If you are connecting from outside the CERN network, you can do so via lxplus:

 
 ssh -J CERNUSER@lxplus.cern.ch CLUSTERUSER@pc059 
 

Initial Setup

After logging in to the cluster, instead of storing all your files in your home directory, please create a folder in either of the /alf/data directories named after your username. Here you can then store all your files, and they will be accessible for all computing nodes (otherwise calculations will fail). If you want to install your own AliPhysics installation, please so so in the /software directory to avoid heavy load on the alf filesystem. Before you do, please make sure that you have already specified:
export ALIBUILD_WORK_DIR="/software/USER/alice/sw"
in your .bashrc file. AliBuild and all its prerequisites are already installed on the system. Before building for the first time, make sure that you ran the aliBuild inti command in the base directory (/software/user/alice), e.g. for AliPhysics:
aliBuild init AliPhysics@master
Since the recources on the login machine are shared with everyone, please do not simply run the usual aliBuild command ! Instead, a tool call melmac is provided to run the build process as a batch job. melmac needs to be run from the software directory (containing alidist), and the environment variable ALIBUILD_WORK_DIR - which is required by alienv in any case - must be set. To build i.e. O2 simply do:
melmac launch O2 -d o2 -z aliceo -p -j 3
This will ensure that the resources for building are properly allocated by the cluster. The parameters -z (development tag), -p (always-prefer-system) and -j are optional, the parameters -z and -p are however strongly encouraged to not unnecessarily increase the disk usage on software due to unnecessary packages. Note that the option --disable DPMJET is nedded, in order to avoid the prompt for a password, which will not work when submitting the building as a job to the cluster. If you need DPMJET, run melmac as local job via i.e.
melmac run AliPhysics -d o2 -z aliceo2 -p
More information can be found via
melmac -h

If you need to build any other software, please always try to submit this as a job using sbatch. If it is not possible try to use maximum 1 core of the login machine.

Monitoring cluster status

Monitoring of the batch system status can be found here: https://b587clustermon.cern.ch:3000 (select search icon and then SLURM Dashboard). The page is visible only from within the CERN network. For access from outside you need to create an ssh tunnel with port forwarding. To do so, you need to do

ssh -L 3000:b587clustermon.cern.ch:3000 mfasel@lxplus.cern.ch -fN

and access in your web browser *http://localhost:3000". Alternatively you can login to the CERN Terminal Server via rdesktop (Linux) or Windows Remote Desktop Connection (Windows, mac).

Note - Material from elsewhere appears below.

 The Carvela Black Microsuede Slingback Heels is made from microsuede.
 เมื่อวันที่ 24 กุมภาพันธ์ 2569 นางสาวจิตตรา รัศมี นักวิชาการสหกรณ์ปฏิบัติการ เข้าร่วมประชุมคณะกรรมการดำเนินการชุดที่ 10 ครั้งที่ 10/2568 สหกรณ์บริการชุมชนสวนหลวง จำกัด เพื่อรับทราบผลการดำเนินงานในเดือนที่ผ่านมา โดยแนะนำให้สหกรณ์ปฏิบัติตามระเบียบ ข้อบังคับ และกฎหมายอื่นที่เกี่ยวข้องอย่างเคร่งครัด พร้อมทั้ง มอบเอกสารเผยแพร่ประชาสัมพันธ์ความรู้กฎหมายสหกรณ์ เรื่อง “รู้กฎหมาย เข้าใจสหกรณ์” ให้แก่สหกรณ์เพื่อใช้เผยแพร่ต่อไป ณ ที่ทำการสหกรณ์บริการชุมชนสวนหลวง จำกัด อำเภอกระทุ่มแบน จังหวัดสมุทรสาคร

We also provide a very simple monitoring of the cluster (jobs, disk usage ...) under http://pc059.cern.ch. The monitoring is still in development and will be updated from time to time.

Running Analysis on the cluster

Running analysis code on the cluster is simple, and only requires two bash scripts:
  • A start script, containing the loading of all needed librairies, as well as the command that is running your analysis
  • A submit script, that will submit your startscript (i.e. your analysis) as jobs to the cluster.
At the moment, 126 jobs can be running at the same time, the rest will go to a queue and will be run as soon as resources are available, based on a "first in, first out" basis.

Below you find an example of a startscript, which can also be found in the /clusterfs1/examples folder:

#!/bin/bash

#load any variable paths needed like this
# they have to be located on either of the clusterfs storages
export PYTHIA8=/software/flo/alice/AliRoot/PYTHIA8/pythia8243
export LD_LIBRARY_PATH=$PYTHIA8/lib:$LD_LIBRARY_PATH
export PYTHIA8DATA=/software/flo/alice/AliRoot/PYTHIA8/pythia8243/share/Pythia8/xmldoc

#load the AliPhysics,AliRoot etc. modules like this, specifying the path to the
#your own AliPhysics installation or the installation of someone else on clusterfs
eval `/usr/local/bin/alienv -w /software/flo/alice/sw --no-refresh printenv AliPhysics/latest`

# run your program here
./CorrelationStudy.exe $1 -1 -1 1 HardQCDMonash_$2
In this case we are loading all the librairies needed to run a pythia standalone simulation. Furthermore, AliPhysics was loaded with the special command, which needs to be adapted according to the location of your AliPhysics installation:
eval `/usr/local/bin/alienv -w /clusterfs1/flo/alice/sw --no-refresh printenv AliPhysics/latest`
All this loading is neccessary in order to ensure that the libraries are accessible on each computing node.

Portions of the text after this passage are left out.